*INSTRUCTIONS FOR THE TASK*. Using the data below, output a verbatim copy of the lines between the one holding "Facilități confortabile: Fiecare" and the one holding "6年総合では、今週木曜日に行", inclusive, without any pictures.

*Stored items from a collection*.
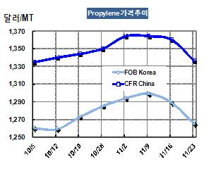 프로필렌 가격은 11월23일 FOB Korea 톤당 1265달러로 24달러 하락했다. 아시아 PP 가격은 CFR FE Asia 톤당 1389달러로 전주대비 톤당 16달러 하락한 것으로 나타났다. 표, 그래프: < Propylene 가격추이 > <화학저널 2012/11/27> |
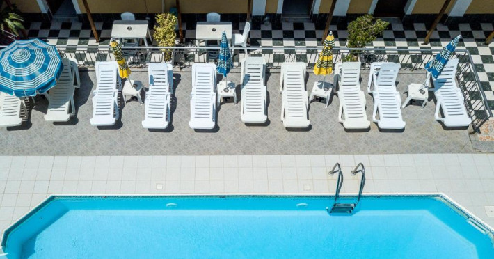 Facilități confortabile: Fiecare apartament are aer condiționat, baie privată, vedere la piscină și balcon. Facilitățile suplimentare includ frigider, birou și articole de toaletă gratuite. Parcarea privată este gratuită.
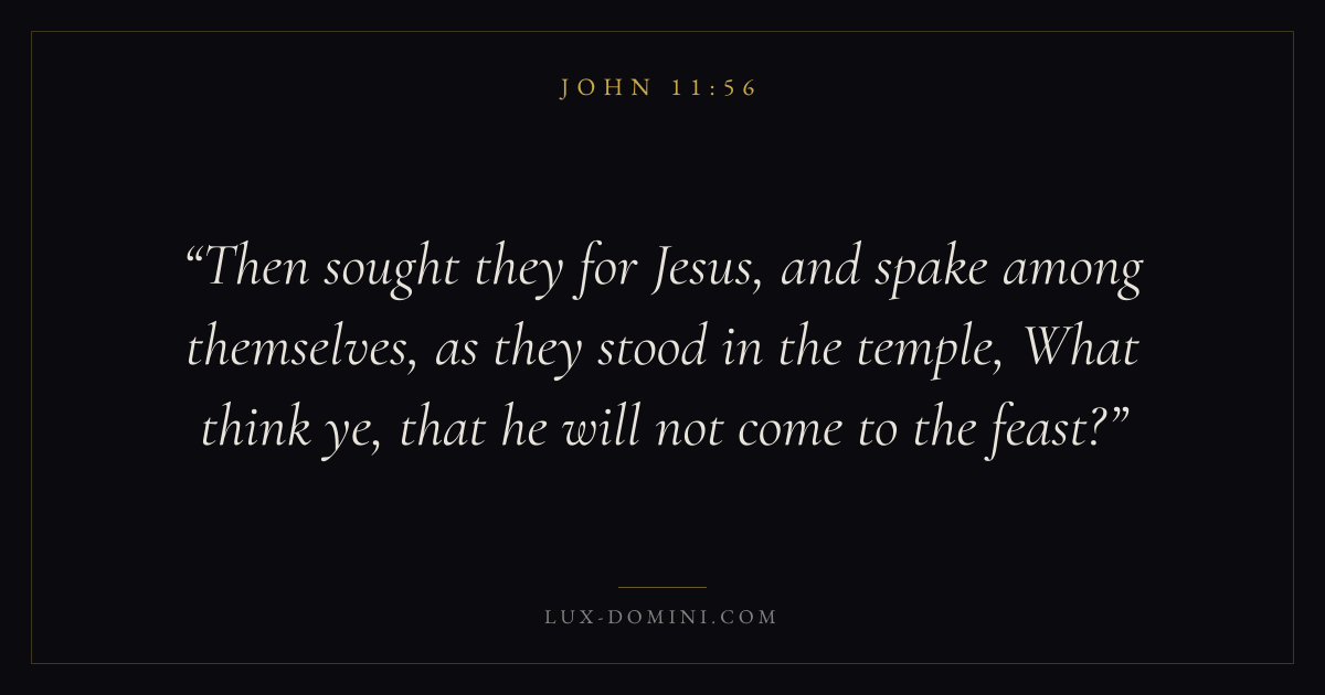 Then sought they for Jesus, and spake among themselves, as they stood in the temple, What think ye, that he will not come to the feast?
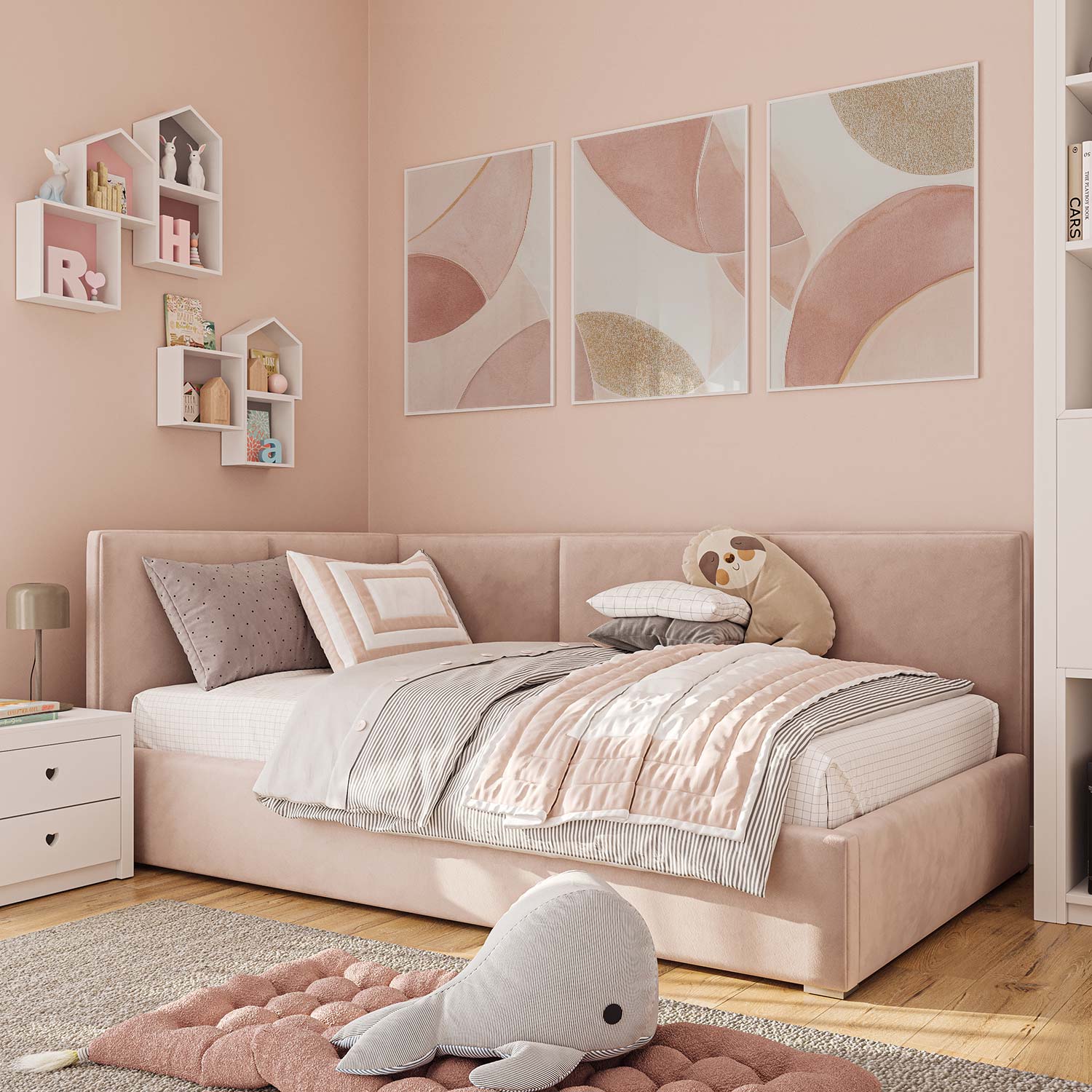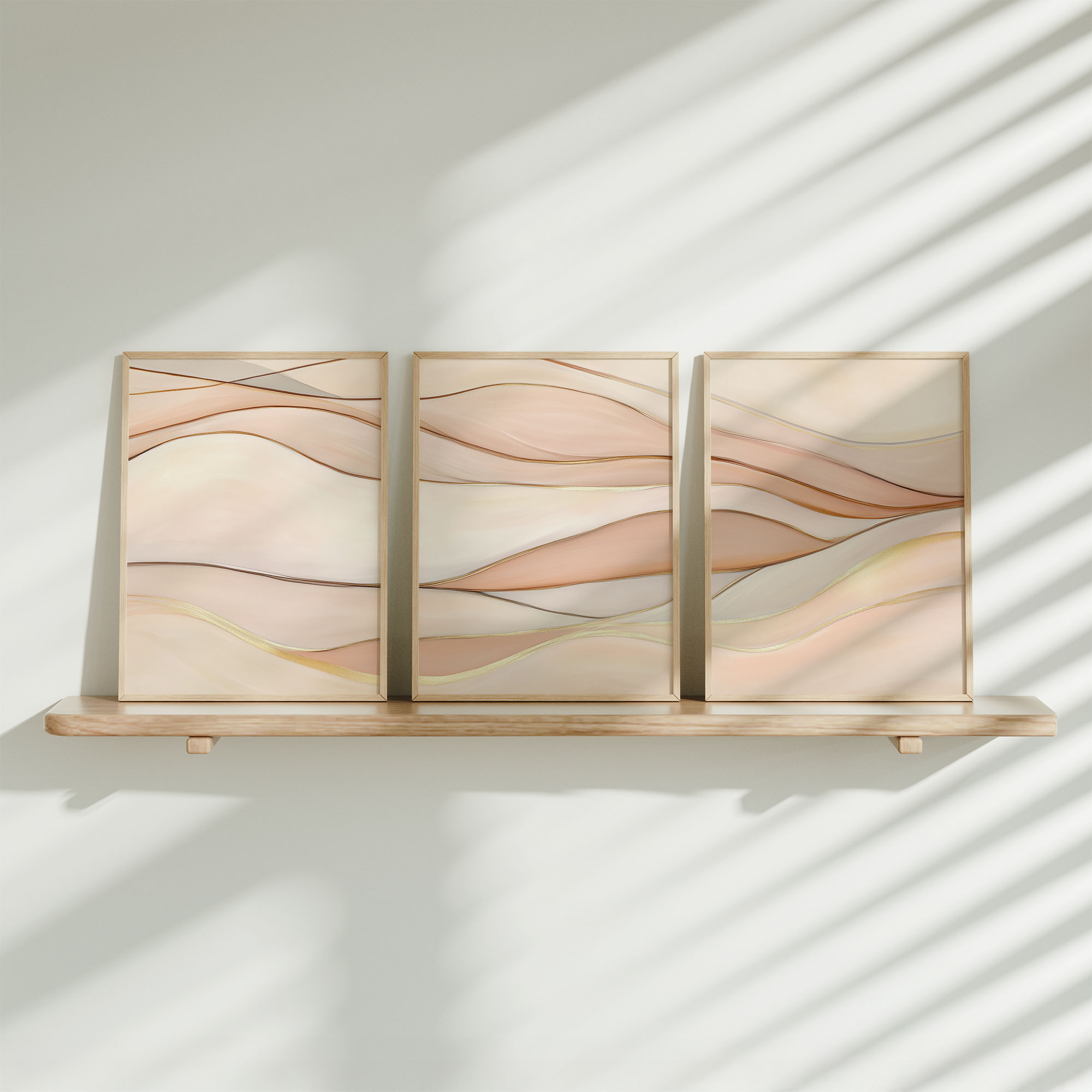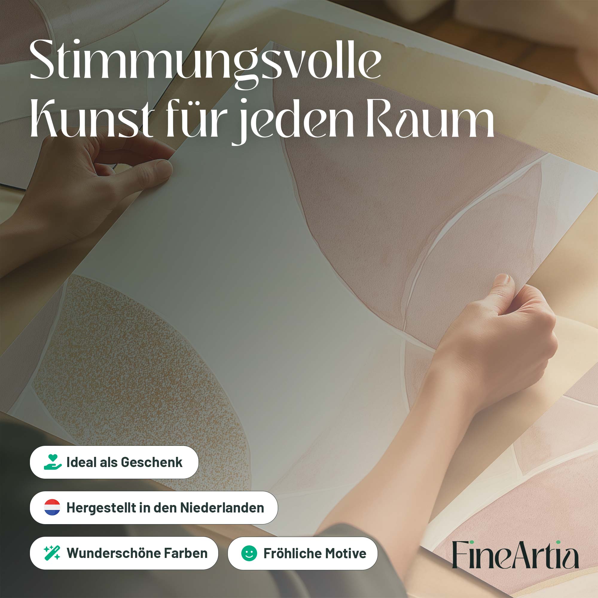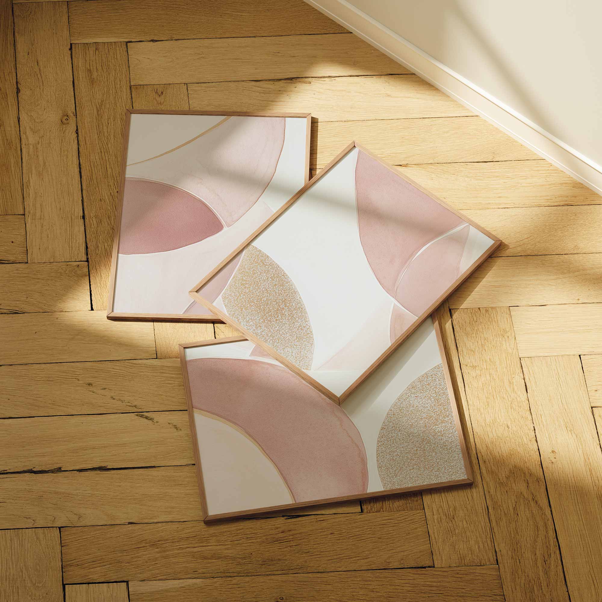 Speelse Abstracte Wanddecoratie in Roze, Wit en Goud
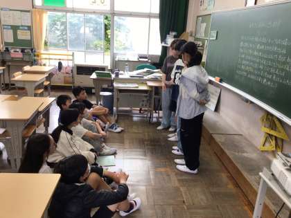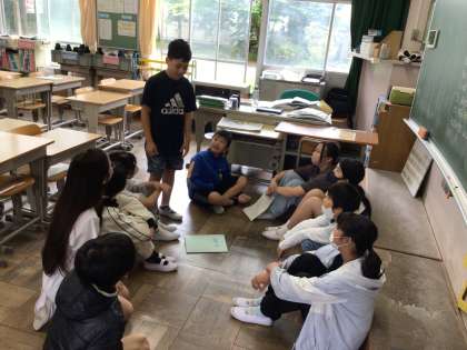 6年総合では、今週木曜日に行われるやまびこ遊びに向けた準備をしていました。やまびこ遊びの説明が下学年の子たちにわかりやすいかなど、互いに見合って意見を伝えながら練習をしていました。
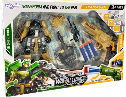 Woopie 3v1 transformacijski robot, tank in pištola za penaste puščice – rjav

*RESPONSE*.
 Facilități confortabile: Fiecare apartament are aer condiționat, baie privată, vedere la piscină și balcon. Facilitățile suplimentare includ frigider, birou și articole de toaletă gratuite. Parcarea privată este gratuită.
 Then sought they for Jesus, and spake among themselves, as they stood in the temple, What think ye, that he will not come to the feast?
 Speelse Abstracte Wanddecoratie in Roze, Wit en Goud
 6年総合では、今週木曜日に行われるやまびこ遊びに向けた準備をしていました。やまびこ遊びの説明が下学年の子たちにわかりやすいかなど、互いに見合って意見を伝えながら練習をしていました。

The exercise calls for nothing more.